Monday, August 21, 2006
feel lyk blogging so much...i noe my blog kinda sux...cos of irregular updates...my apologies...pretty bz recently...haha. 2dae. yea. juz felt lyk blogging so much...haha. in sch nw...in da canteen...haha...and sum ppl playing piano as backgd music...it makes my aches so much more =(
i'm pretty much upset in sch 2dae..cos i feel tt he is pretty much nonchalent ever since he knew wad was goin on..i didnt meant 4 it 2 b a joke...i meant..da truth. ok. i'm juz gonna spill out evything 2 evyone...haha. whoever tt reads..juz keep it a secret...wao...life sux...sum think tt fallin in luv is a waste of tme..as 4 mi..i tink it's sweet. sour. bitter. haha. salty? er. tink not. haha. those tt noes abt dis kept askin mi..jiahui...y him? of evyone? haha. gonna ans tt qn truthfully.
well...matters of the heart...it's pretty hard 2 explain...it is more often..a feeling..tt cums naturally...slipping slowly....haha..gradually...into ur life....till u begin 2 qn urself...y did i start taking notice of him? when did it started? then...u realise..tt sum1...has sum wad...walked into ur life...oh no..tt's how i'm feeling rite nw...i dunno wad 2 do...and i noe...onli he can help mi wiv dis....

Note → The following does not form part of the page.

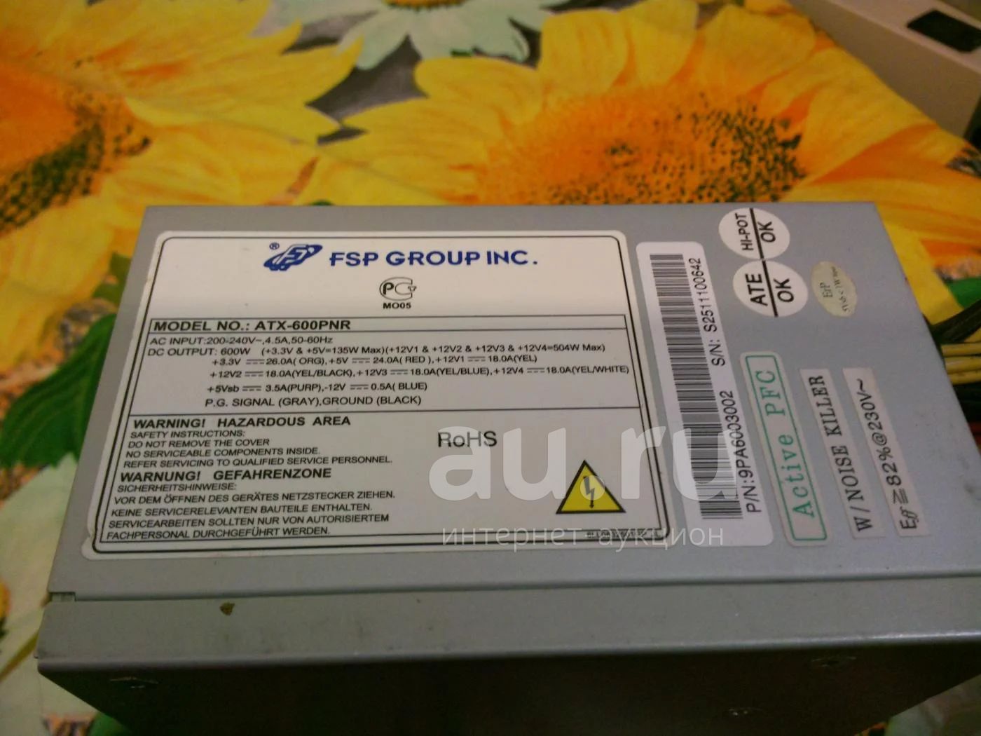 блок питания fsp на 600 ватт. 8ми пиновое питание на видео. неисправен.

i'm upset. bcos i tink tt he is nonchalent abt it ever since he knew evything on sat nite when we tok till 3am in da morning...it takes courage 2 confess...and it's especially so since i'm a gal...haha. in fact...i tink i m brave. at least...braver than other gals of my age..but then again..tt poses as another prob...i feel tt i m not a person tt is able 2 supress my feelings 4 long...i need 2 sae it out...but...who do i pour my sorrows 2? i dun wanna bug my clique abt him no longer...they r so tired 2 hear mi tok abt him over and over again...i'm sorry gals...i didnt mean it...but i feel suffocated when i dun sae it out...it's lyk..sigh~
so mani things hav happened lately...my family...my frens..haha..and nw..dis is happening. promos r cumin man...but i cant seem 2 conc evytme i tell myself tt i shd ..=((( ppl sae i appear weak in da outside..haha. tt's true. i dun deny. haha. apparently..i tink i'm weaker in da inside....i need company...i need comfort...i need sum1...sum1 out dere tt is able 2 motivate mi...especially so after performing so badly in da jct...i'm losing myself...my confidence...my evything....if it's not bcos of da clique..i tink...i wld hav dropped out from tj..i mean it. i really. need help.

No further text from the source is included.